### Problem statement
Output each of the entries exactly, skipping every picture they contain.

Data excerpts

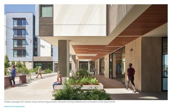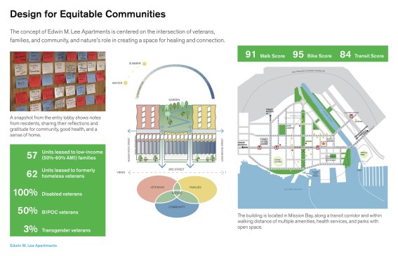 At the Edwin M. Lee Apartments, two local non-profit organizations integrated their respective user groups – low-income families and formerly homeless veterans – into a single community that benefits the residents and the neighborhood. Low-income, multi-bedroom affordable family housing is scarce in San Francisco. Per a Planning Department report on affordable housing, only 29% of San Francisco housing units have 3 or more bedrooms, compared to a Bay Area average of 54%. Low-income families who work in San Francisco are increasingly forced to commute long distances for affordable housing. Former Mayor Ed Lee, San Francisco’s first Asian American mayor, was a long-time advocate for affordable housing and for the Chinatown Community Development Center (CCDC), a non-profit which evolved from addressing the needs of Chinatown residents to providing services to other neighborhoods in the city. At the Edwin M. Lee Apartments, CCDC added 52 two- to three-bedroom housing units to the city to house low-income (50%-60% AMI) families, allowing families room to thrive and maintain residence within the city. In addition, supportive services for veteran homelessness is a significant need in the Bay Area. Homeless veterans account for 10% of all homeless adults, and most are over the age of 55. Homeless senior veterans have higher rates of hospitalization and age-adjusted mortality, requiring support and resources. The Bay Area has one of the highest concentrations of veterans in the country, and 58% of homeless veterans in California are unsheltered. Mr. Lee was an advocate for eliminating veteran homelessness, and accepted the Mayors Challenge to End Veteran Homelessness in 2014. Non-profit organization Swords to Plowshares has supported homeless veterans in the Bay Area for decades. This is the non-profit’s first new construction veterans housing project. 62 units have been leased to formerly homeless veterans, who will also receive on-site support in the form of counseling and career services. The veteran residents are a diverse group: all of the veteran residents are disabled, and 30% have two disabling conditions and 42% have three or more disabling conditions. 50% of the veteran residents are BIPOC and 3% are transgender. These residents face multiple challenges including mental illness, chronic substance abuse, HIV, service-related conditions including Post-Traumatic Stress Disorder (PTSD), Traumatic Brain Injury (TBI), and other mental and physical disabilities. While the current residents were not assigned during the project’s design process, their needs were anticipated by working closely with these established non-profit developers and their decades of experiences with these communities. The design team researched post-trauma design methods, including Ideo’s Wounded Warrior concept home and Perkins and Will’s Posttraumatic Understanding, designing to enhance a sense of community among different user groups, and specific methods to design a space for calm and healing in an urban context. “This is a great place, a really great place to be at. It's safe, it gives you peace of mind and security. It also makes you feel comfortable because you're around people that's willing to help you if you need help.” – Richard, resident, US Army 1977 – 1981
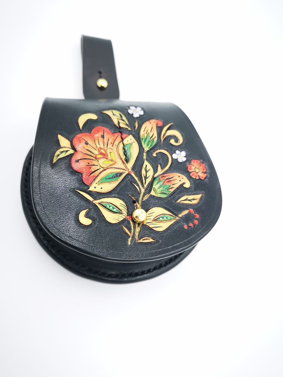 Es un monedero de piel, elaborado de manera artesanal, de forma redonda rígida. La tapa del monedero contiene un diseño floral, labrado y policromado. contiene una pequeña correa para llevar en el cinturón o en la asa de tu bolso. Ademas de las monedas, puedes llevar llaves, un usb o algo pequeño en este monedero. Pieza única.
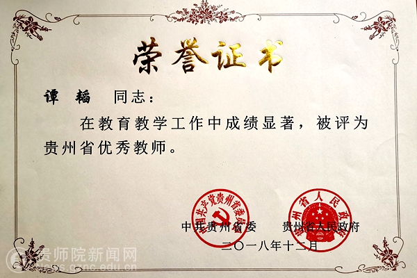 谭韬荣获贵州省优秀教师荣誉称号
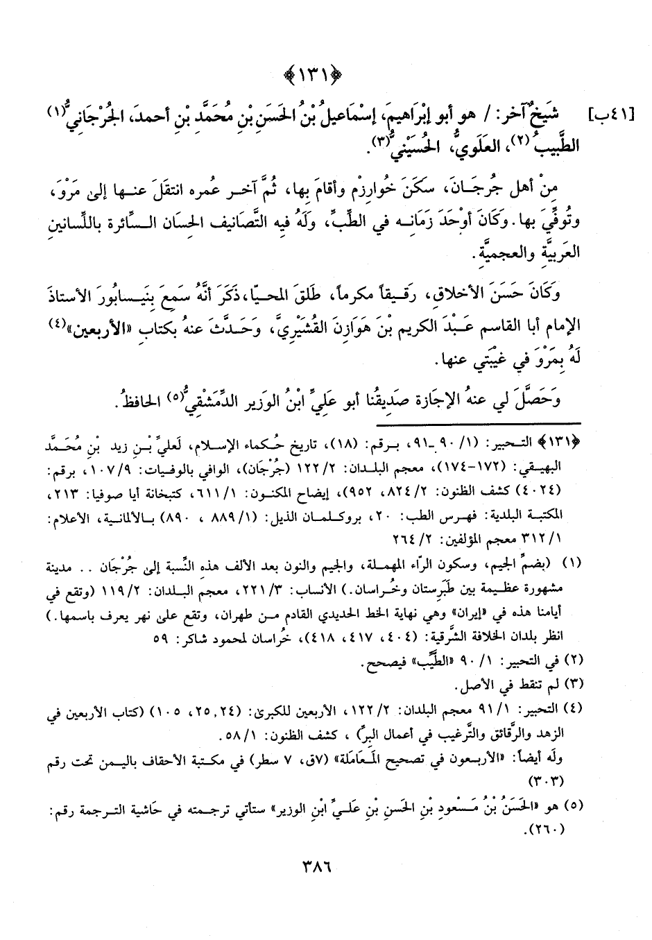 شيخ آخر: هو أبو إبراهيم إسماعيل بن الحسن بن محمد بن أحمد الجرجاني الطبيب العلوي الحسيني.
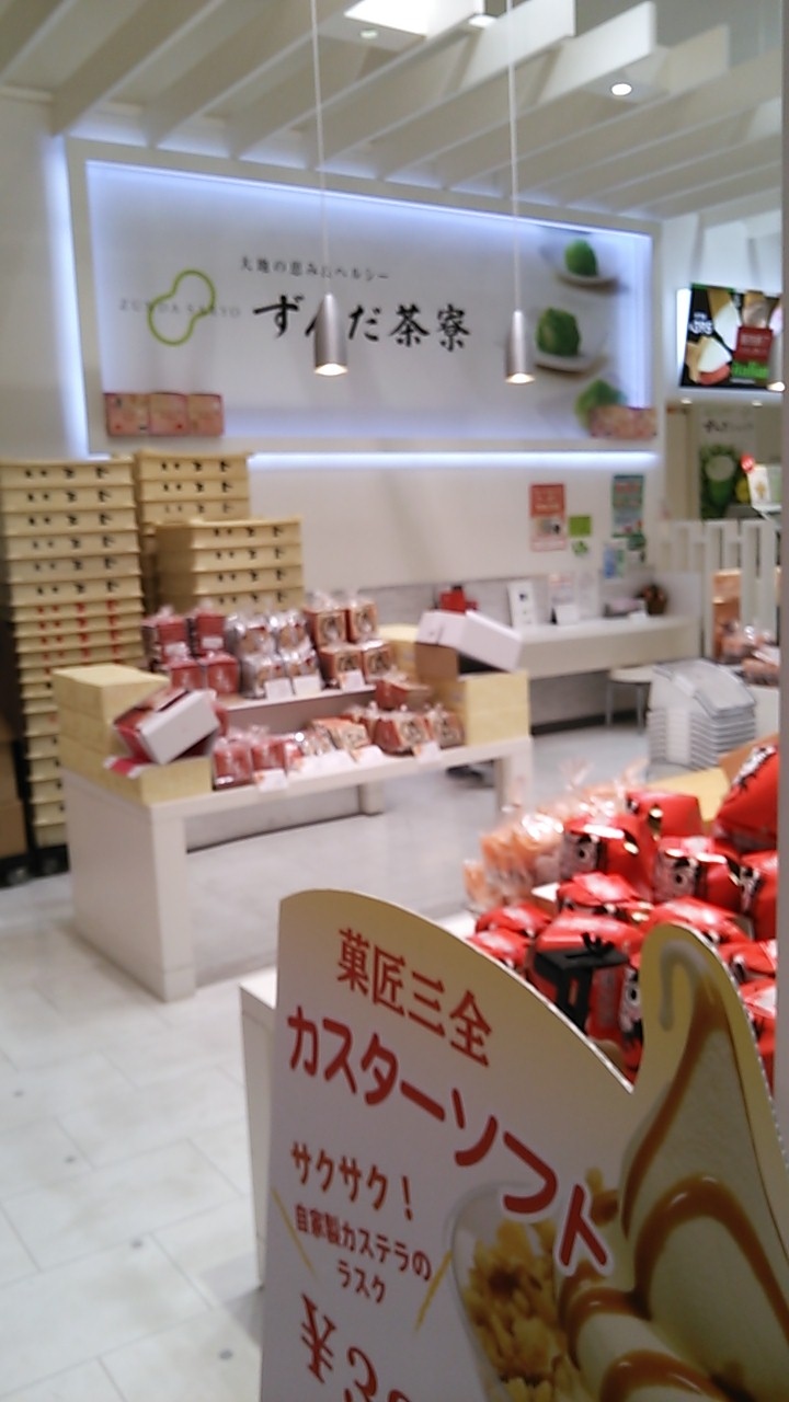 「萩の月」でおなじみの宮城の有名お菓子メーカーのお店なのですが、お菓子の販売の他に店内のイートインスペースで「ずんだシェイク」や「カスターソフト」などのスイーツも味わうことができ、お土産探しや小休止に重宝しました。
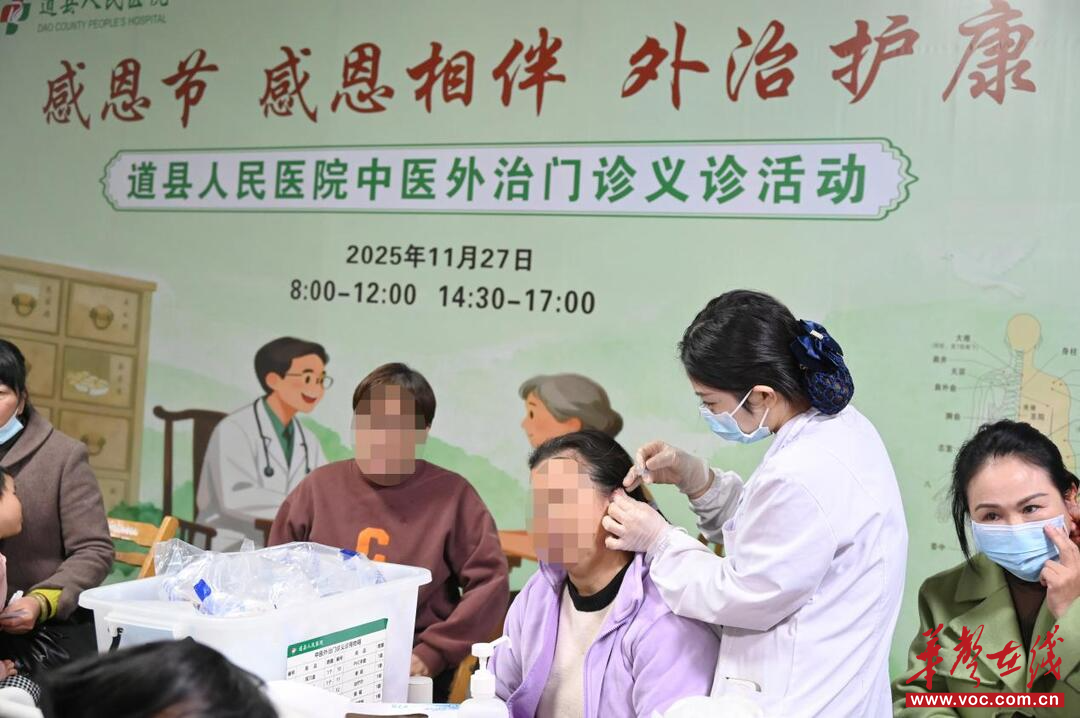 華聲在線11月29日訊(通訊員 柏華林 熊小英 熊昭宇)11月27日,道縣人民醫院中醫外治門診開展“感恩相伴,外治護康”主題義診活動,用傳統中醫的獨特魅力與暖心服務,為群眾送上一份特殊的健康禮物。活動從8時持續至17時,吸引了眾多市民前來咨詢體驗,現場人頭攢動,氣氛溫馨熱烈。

### Reply
 At the Edwin M. Lee Apartments, two local non-profit organizations integrated their respective user groups – low-income families and formerly homeless veterans – into a single community that benefits the residents and the neighborhood. Low-income, multi-bedroom affordable family housing is scarce in San Francisco. Per a Planning Department report on affordable housing, only 29% of San Francisco housing units have 3 or more bedrooms, compared to a Bay Area average of 54%. Low-income families who work in San Francisco are increasingly forced to commute long distances for affordable housing. Former Mayor Ed Lee, San Francisco’s first Asian American mayor, was a long-time advocate for affordable housing and for the Chinatown Community Development Center (CCDC), a non-profit which evolved from addressing the needs of Chinatown residents to providing services to other neighborhoods in the city. At the Edwin M. Lee Apartments, CCDC added 52 two- to three-bedroom housing units to the city to house low-income (50%-60% AMI) families, allowing families room to thrive and maintain residence within the city. In addition, supportive services for veteran homelessness is a significant need in the Bay Area. Homeless veterans account for 10% of all homeless adults, and most are over the age of 55. Homeless senior veterans have higher rates of hospitalization and age-adjusted mortality, requiring support and resources. The Bay Area has one of the highest concentrations of veterans in the country, and 58% of homeless veterans in California are unsheltered. Mr. Lee was an advocate for eliminating veteran homelessness, and accepted the Mayors Challenge to End Veteran Homelessness in 2014. Non-profit organization Swords to Plowshares has supported homeless veterans in the Bay Area for decades. This is the non-profit’s first new construction veterans housing project. 62 units have been leased to formerly homeless veterans, who will also receive on-site support in the form of counseling and career services. The veteran residents are a diverse group: all of the veteran residents are disabled, and 30% have two disabling conditions and 42% have three or more disabling conditions. 50% of the veteran residents are BIPOC and 3% are transgender. These residents face multiple challenges including mental illness, chronic substance abuse, HIV, service-related conditions including Post-Traumatic Stress Disorder (PTSD), Traumatic Brain Injury (TBI), and other mental and physical disabilities. While the current residents were not assigned during the project’s design process, their needs were anticipated by working closely with these established non-profit developers and their decades of experiences with these communities. The design team researched post-trauma design methods, including Ideo’s Wounded Warrior concept home and Perkins and Will’s Posttraumatic Understanding, designing to enhance a sense of community among different user groups, and specific methods to design a space for calm and healing in an urban context. “This is a great place, a really great place to be at. It's safe, it gives you peace of mind and security. It also makes you feel comfortable because you're around people that's willing to help you if you need help.” – Richard, resident, US Army 1977 – 1981
 Es un monedero de piel, elaborado de manera artesanal, de forma redonda rígida. La tapa del monedero contiene un diseño floral, labrado y policromado. contiene una pequeña correa para llevar en el cinturón o en la asa de tu bolso. Ademas de las monedas, puedes llevar llaves, un usb o algo pequeño en este monedero. Pieza única.
 谭韬荣获贵州省优秀教师荣誉称号
 شيخ آخر: هو أبو إبراهيم إسماعيل بن الحسن بن محمد بن أحمد الجرجاني الطبيب العلوي الحسيني.
 「萩の月」でおなじみの宮城の有名お菓子メーカーのお店なのですが、お菓子の販売の他に店内のイートインスペースで「ずんだシェイク」や「カスターソフト」などのスイーツも味わうことができ、お土産探しや小休止に重宝しました。
 華聲在線11月29日訊(通訊員 柏華林 熊小英 熊昭宇)11月27日,道縣人民醫院中醫外治門診開展“感恩相伴,外治護康”主題義診活動,用傳統中醫的獨特魅力與暖心服務,為群眾送上一份特殊的健康禮物。活動從8時持續至17時,吸引了眾多市民前來咨詢體驗,現場人頭攢動,氣氛溫馨熱烈。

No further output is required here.